■ Data shown ■
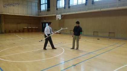放課後に、教職員でサスマタを中心とした防犯研修会を行いました。
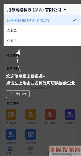 1、欢迎使用本软件,点击左上角【企业名称】处可切换当前企业。
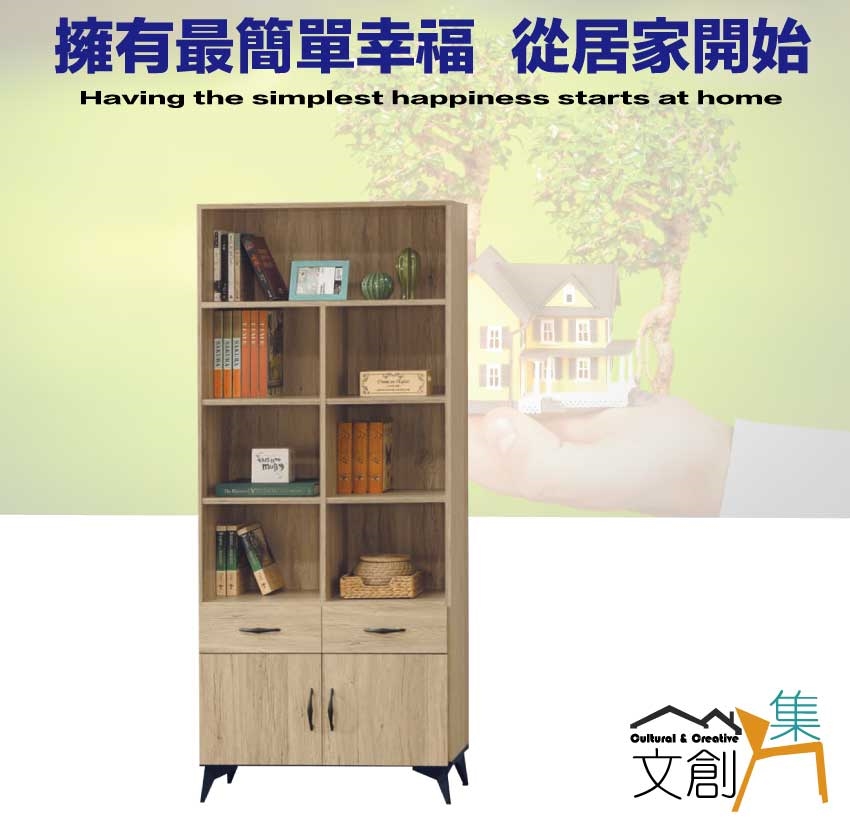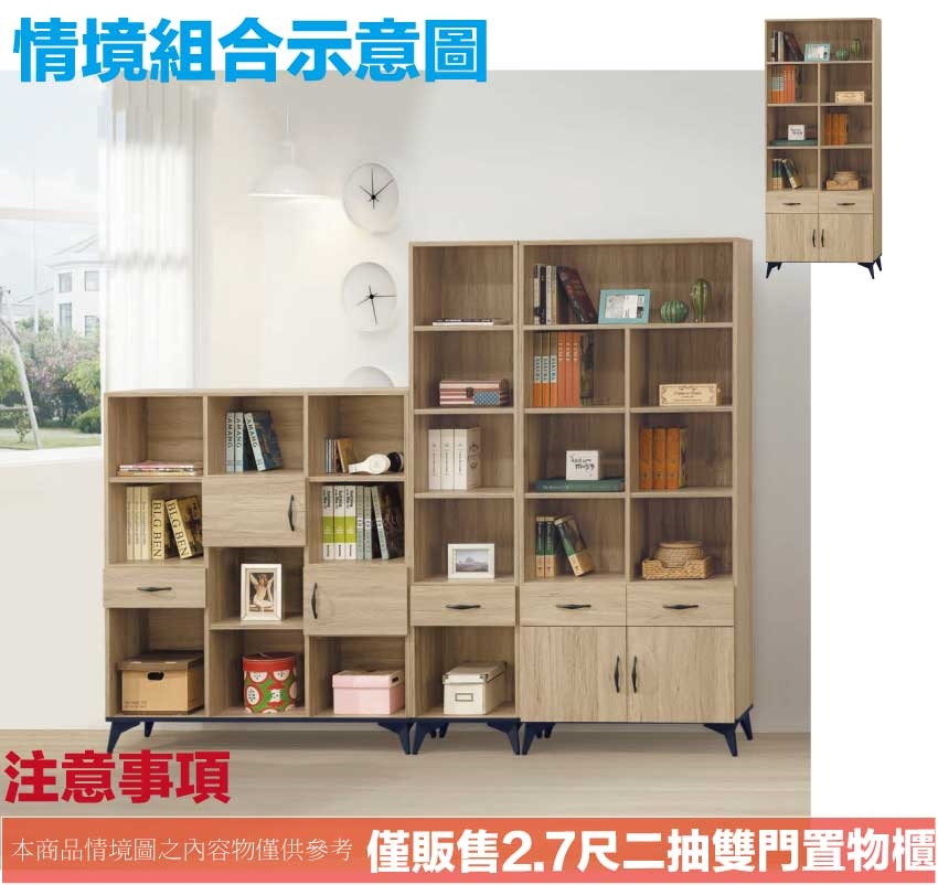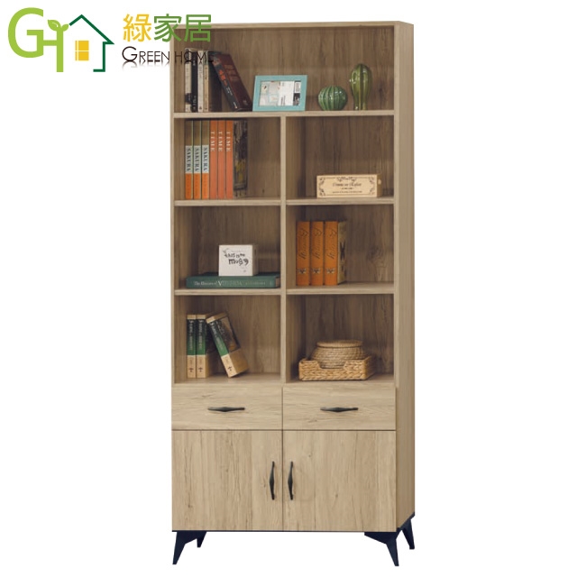 【綠家居】伊爾2.7尺二門二抽書櫃

■ Work request ■
When you retype the listing, keep every line exactly as it is and drop the pictures.

■ Output of the exercise ■
放課後に、教職員でサスマタを中心とした防犯研修会を行いました。
 1、欢迎使用本软件,点击左上角【企业名称】处可切换当前企业。
 【綠家居】伊爾2.7尺二門二抽書櫃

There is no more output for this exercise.